• **Required work**
Exactly as written, write out the lines below from the first to the one containing "Items Design, también", inclusive. Pictures do not belong in the copy.

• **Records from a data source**
▼
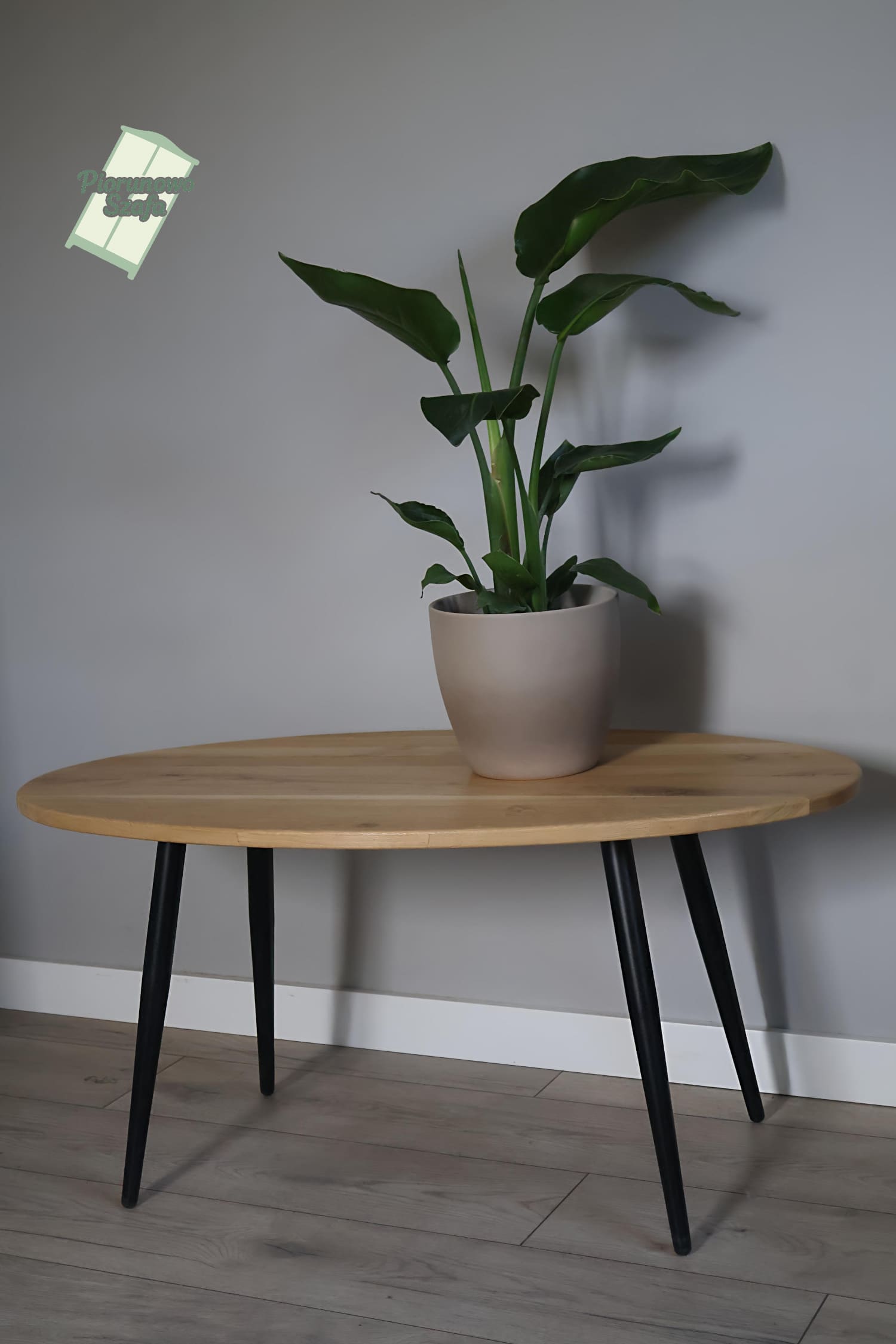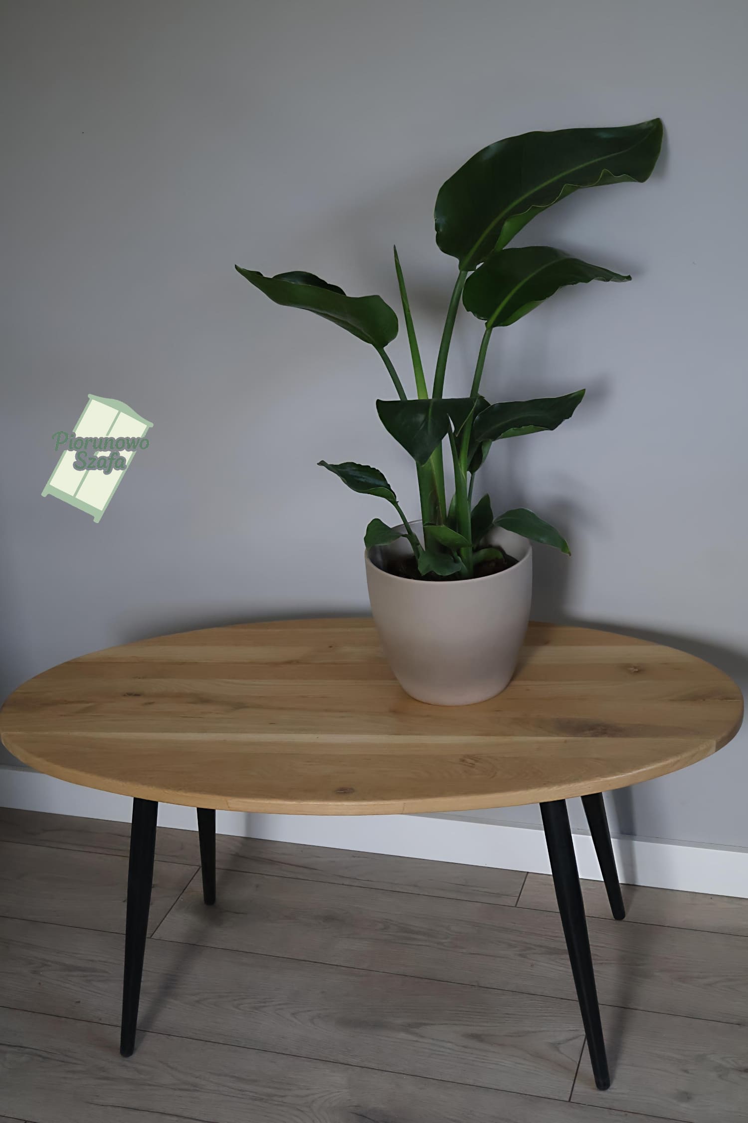 Stolik kawowy drewniany z czarnymi nogami jajo – nowoczesny stolik skandynawski
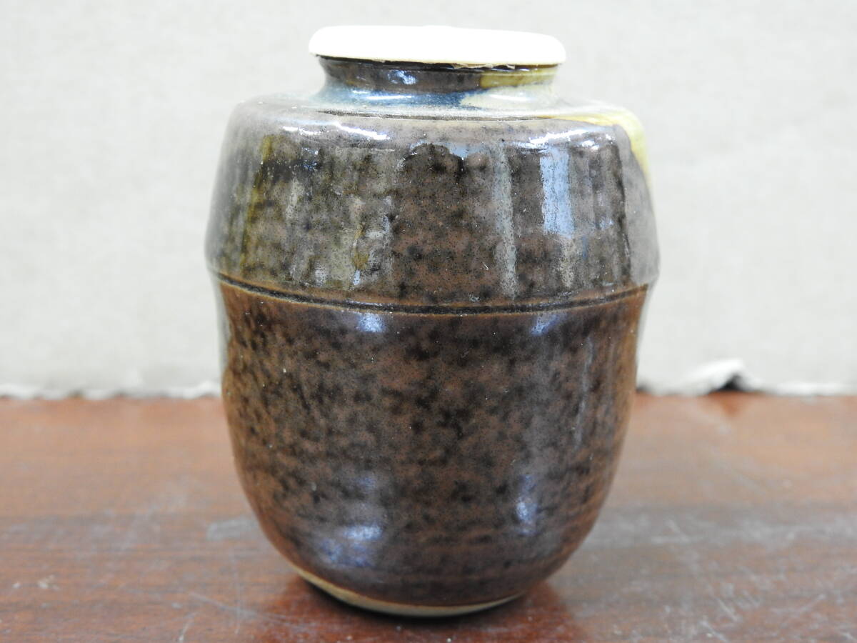 膳所焼 夜鶴写茶入 久田箱書 共箱 OY486
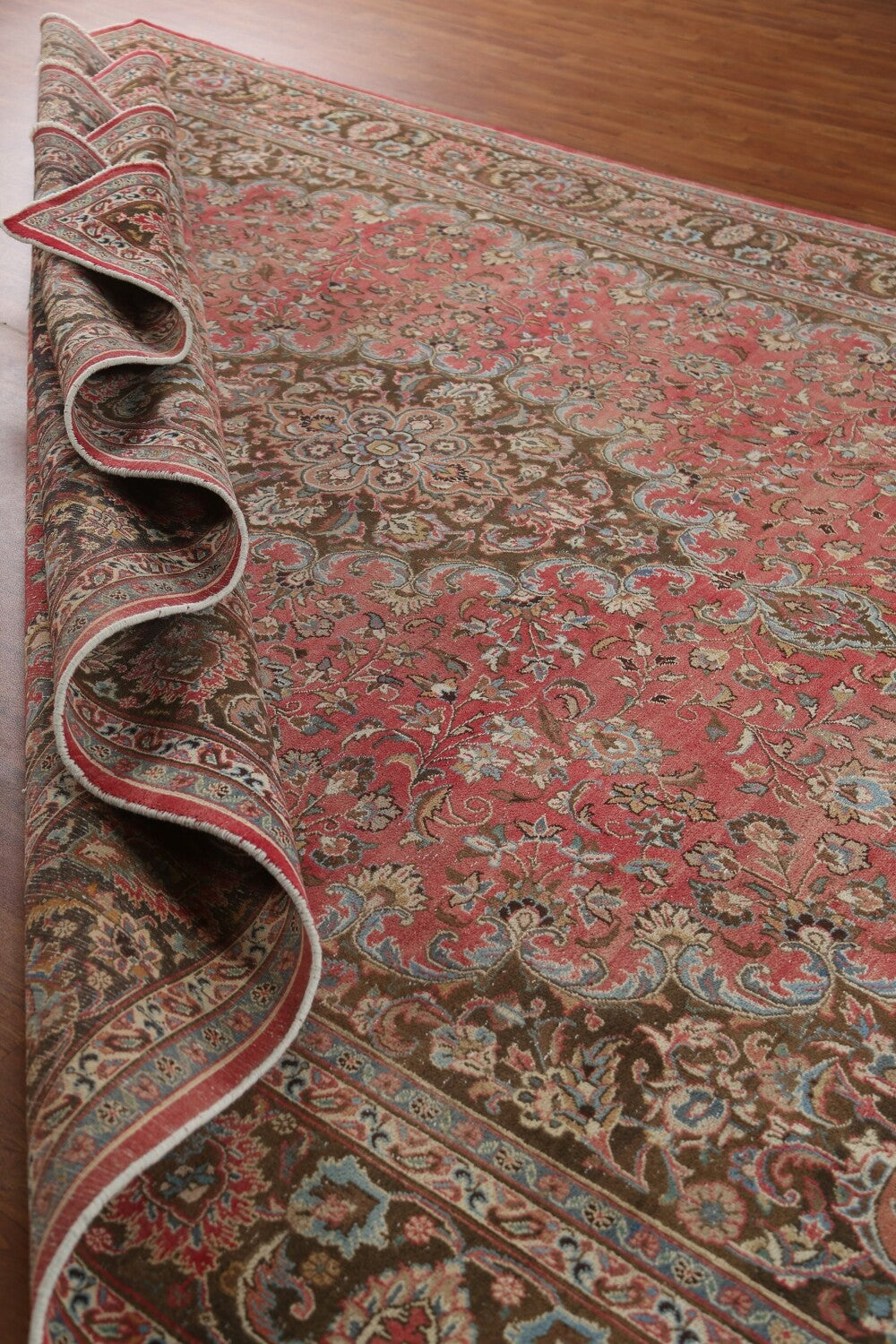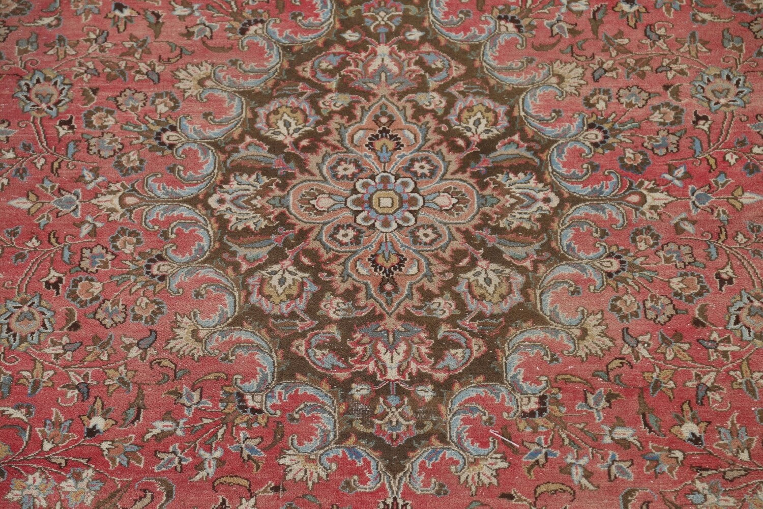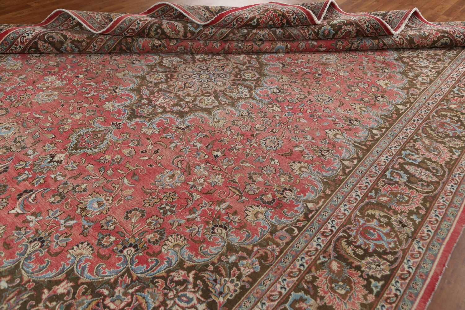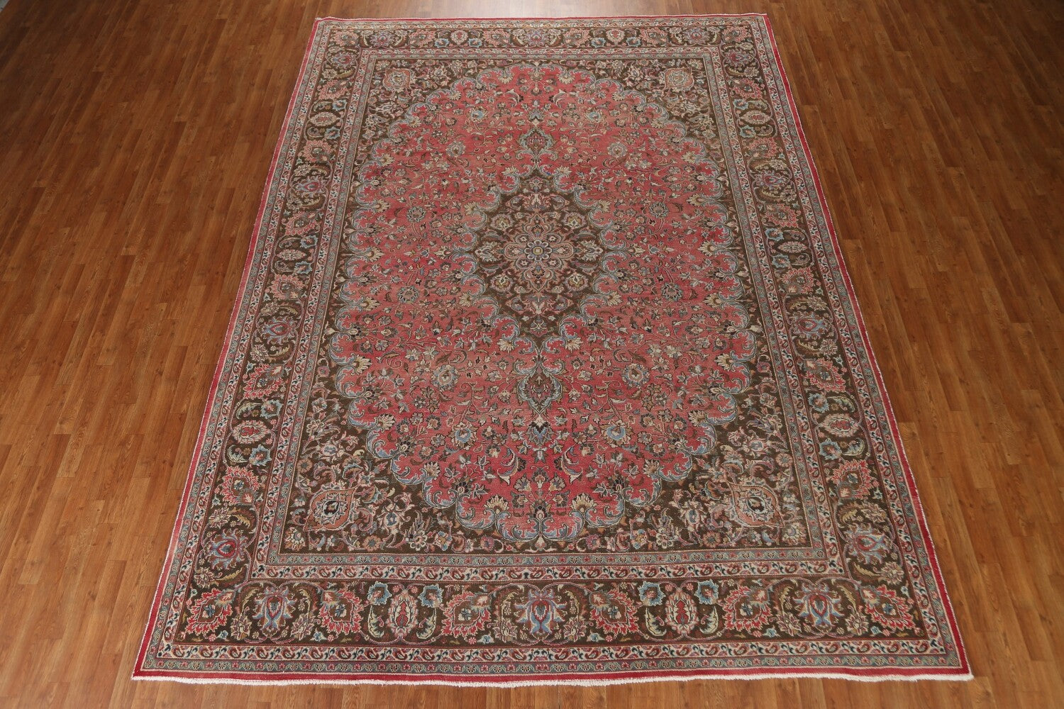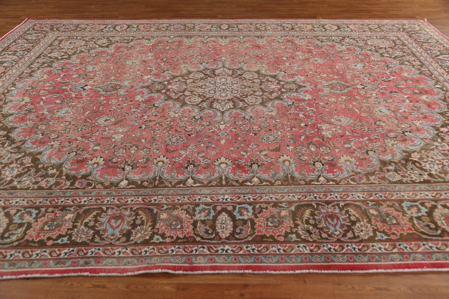 A Beautiful Genuine Persia ( Persia ) Mashad rug is Hand Knotted by skillful weavers in Persia ( Persia ) with 100% Wool Material. This rug is in Very Good (Evenly Low Pile) condition. dimensions are 12' 8'' X 9' 6'' in foot and 386 X 290 in centimeter. the primary color is Pink.
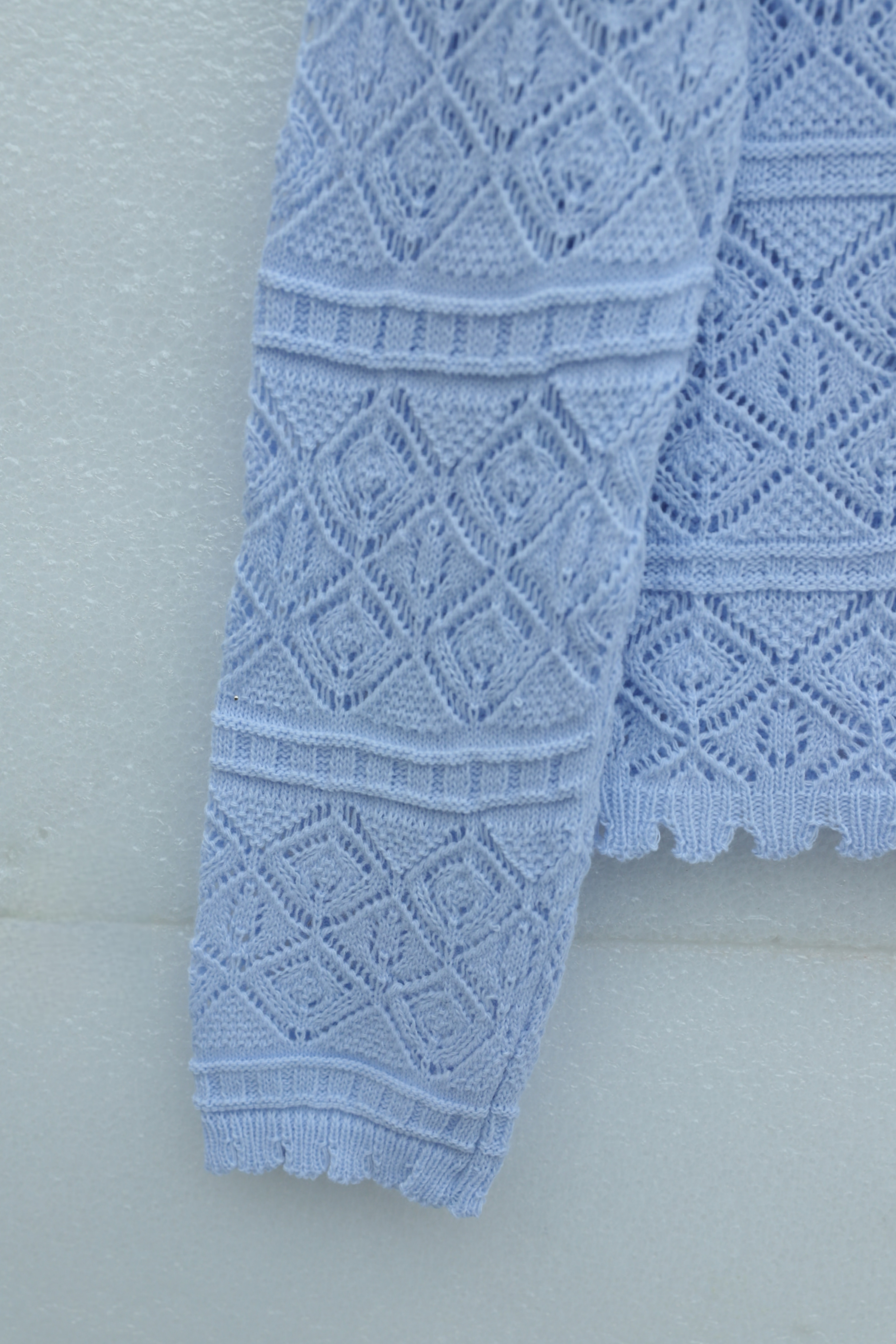 Buttoned Openwork Knit Cardigan -Baby Blue
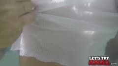 Uma bela jovem morena passa exibe seu corpo gostoso na piscina. Ela excita o cara, mostra sua bela bunda e vai para casa chupar o pau dele e foder.
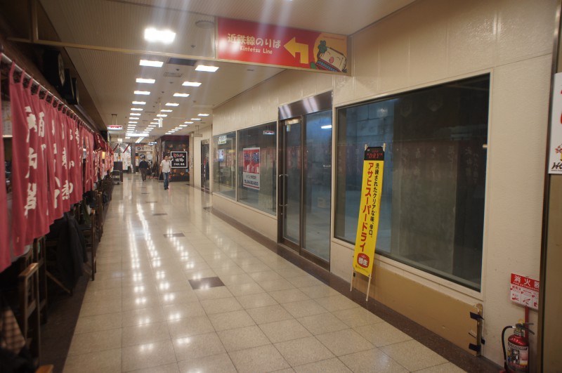 駅直結、目の前は超有名店、人通り多数:全面ガラス張り、重飲食可♪:貸主負担で内装工事相談可♪うえほんまちハイハイタウン空き店舗:地下1階126号B区画:29.02坪
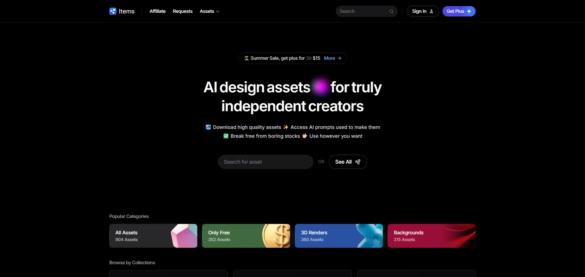 Items Design, también conocido como AI Design Assets, es una plataforma de recursos creativos impulsada por inteligencia artificial que ofrece más de 900 activos de diseño de alta calidad para creadores, diseñadores y profesionales del marketing.
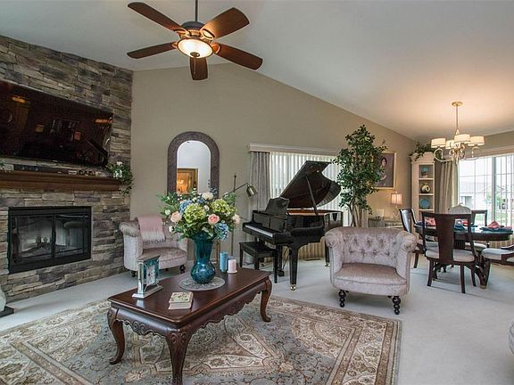 Whether you are a young professional or wanting to transition to a new lifestyle this condo/zero lot line might be just what you are looking for!! Stunning Custom Sattler built ground level walk-out with a wall of windows that provide a scenic view of the lush backyard & wooded lot! Kitchen has custom cabinets, real hard wood flooring, quartz counters, breakfast bar & built in desk/drop zone. 1st floor laundry. 2 spacious bedrooms on the main & 2 full baths. Enjoy entertaining your friends & family in the lower level family room which features a second corner gas fireplace, custom bar & additional dining area! 3rd bedroom & full bath allowing a private guest retreat. Enjoy outdoor entertaining or relaxing on the extended patio with canopy (which remains) & extensive landscaping. Oversized 2 stall garage. Located in the Heritage Green Development featuring both zero lot & single family homes, with pond & walking trail. Easy access to Edgewood Rd, dining & shopping and to I-380. No association fees, lawncare & snow removal maintenance are available.
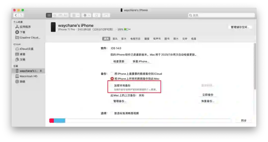 如果你的 iCloud 空间有限,还可以选择用 Mac 上的 Finder 或者 Windows 上的 iTunes,在电脑本地备份系统数据。为了保证数据传输的稳定性和效率,我们推荐你使用有线连接的方式连接电脑和手机、平板设备,而不要使用无线方式进行连接和备份。如果你希望备份账户密码、健康应用和 Homekit 中的数据,请勾选「加密本地备份」。之后选择立即备份,等待备份完成。
▲
• **Exercise result**
 Stolik kawowy drewniany z czarnymi nogami jajo – nowoczesny stolik skandynawski
 膳所焼 夜鶴写茶入 久田箱書 共箱 OY486
 A Beautiful Genuine Persia ( Persia ) Mashad rug is Hand Knotted by skillful weavers in Persia ( Persia ) with 100% Wool Material. This rug is in Very Good (Evenly Low Pile) condition. dimensions are 12' 8'' X 9' 6'' in foot and 386 X 290 in centimeter. the primary color is Pink.
 Buttoned Openwork Knit Cardigan -Baby Blue
 Uma bela jovem morena passa exibe seu corpo gostoso na piscina. Ela excita o cara, mostra sua bela bunda e vai para casa chupar o pau dele e foder.
 駅直結、目の前は超有名店、人通り多数:全面ガラス張り、重飲食可♪:貸主負担で内装工事相談可♪うえほんまちハイハイタウン空き店舗:地下1階126号B区画:29.02坪
 Items Design, también conocido como AI Design Assets, es una plataforma de recursos creativos impulsada por inteligencia artificial que ofrece más de 900 activos de diseño de alta calidad para creadores, diseñadores y profesionales del marketing.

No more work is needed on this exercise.